HiFi-SR is a Python-based pipeline for the detection of plant mitochondrial structural rearrangements based on the mapping of PacBio high-fidelity (HiFi) reads or Circular Consensus Sequencing (ccs) data, to a reference genome (i.e., the hypothetical master cycle DNA).

Deps

The pipeline has been tested in WSL2 distribution Ubuntu-20.04. It shall work in other Linux operating system, such as CentOS.

  • Download the hifisr repository
git clone https://github.com/zouyinstein/hifisr
  • Create and activate a conda environment.
conda create -n hifisr python=3.9
conda activate hifisr
  • Use Anaconda3 to install required packages.
conda install pigz -c conda-forge
conda install samtools bamtools blast seqkit parafly -c bioconda
# create a soft link to ensure samtools can work
ln -sf ${HOME}/.conda/envs/hifisr/lib/libcrypto.so.1.1 ${HOME}/.conda/envs/hifisr/lib/libcrypto.so.1.0.0  
  • Install bcftools demo
  • Install minimap2
cd hifisr/deps
curl -L https://github.com/lh3/minimap2/releases/download/v2.24/minimap2-2.24_x64-linux.tar.bz2 | tar -jxvf -
./minimap2-2.24_x64-linux/minimap2
  • Install Filtlong
cd hifisr/deps
git clone https://github.com/rrwick/Filtlong.git
cd Filtlong
make -j

export PATH="$PWD/deps/Filtlong/bin:$PATH"
  • Install MECAT2
cd hifisr/deps
git clone https://github.com/xiaochuanle/MECAT2.git
cd MECAT2
make -j

export PATH="$PWD/deps/MECAT2/Linux-amd64/bin:$PATH"
  • Install metaFlye
cd hifisr/deps
git clone https://github.com/fenderglass/Flye
cd Flye
python setup.py install
  • Install required Python packages
pip install biopython pandas openpyxl

Test

# Make sure the HiFi-SR repository has been downloaded (git clone https://github.com/zouyinstein/hifisr).
# Make sure the hifisr environment has been activated (conda activate hifisr).
# Make sure the dependent third-party softwares/packages has been installed.
# Change working directory to hifisr
cd hifisr
# Add minimap2, filtlong, mecat.pl executables to the system PATH
export PATH="$PWD/deps/minimap2-2.24_x64-linux":$PATH
export PATH="$PWD/deps/Filtlong/bin:$PATH"
export PATH="$PWD/deps/MECAT2/Linux-amd64/bin:$PATH"

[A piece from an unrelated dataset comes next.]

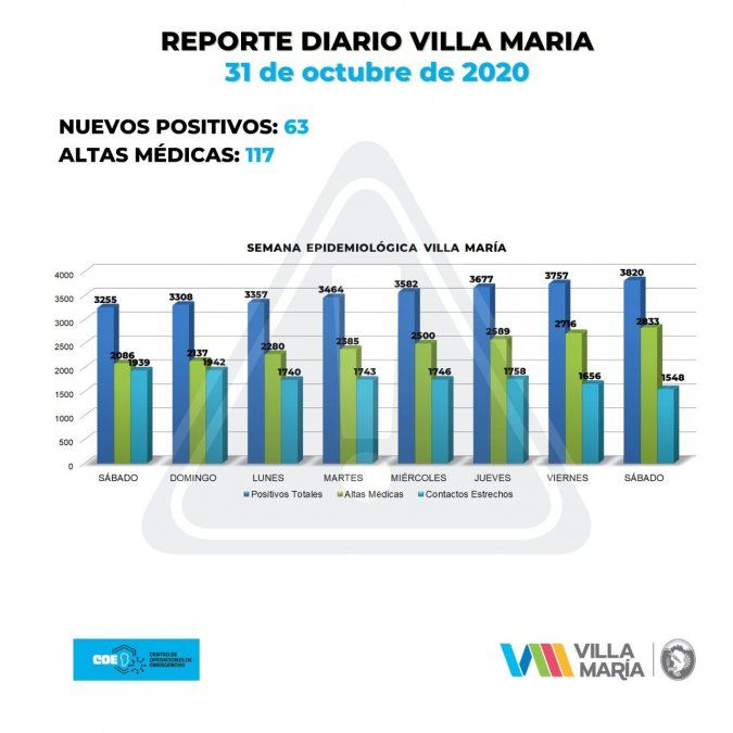 El total acumulado de contagios en Villa María, asciende a 3.820, mientras que las altas médicas llegan a 2.833. Las personas declaradas como contactos estrechos en la ciudad son 1.548.

# Check and unzip the reference sequences
cd references
ls Col_mito.fa Col_plastid.fa Col_ref.fa.gz
pigz -d -p 8 Col_ref.fa.gz

# Check and unzip the input HiFi reads
cd ../data
pigz -d -p 8 Col.fastq.gz

# Change working directory to test and prepare the file input_files.txt
cd ../test
touch input_files.txt
# Contents of input_files.txt are tab-delimilated columns of sample name, input reads, total genome reference, mt genome reference, and pt  genome reference. The information of multiple samples can be added in different lines.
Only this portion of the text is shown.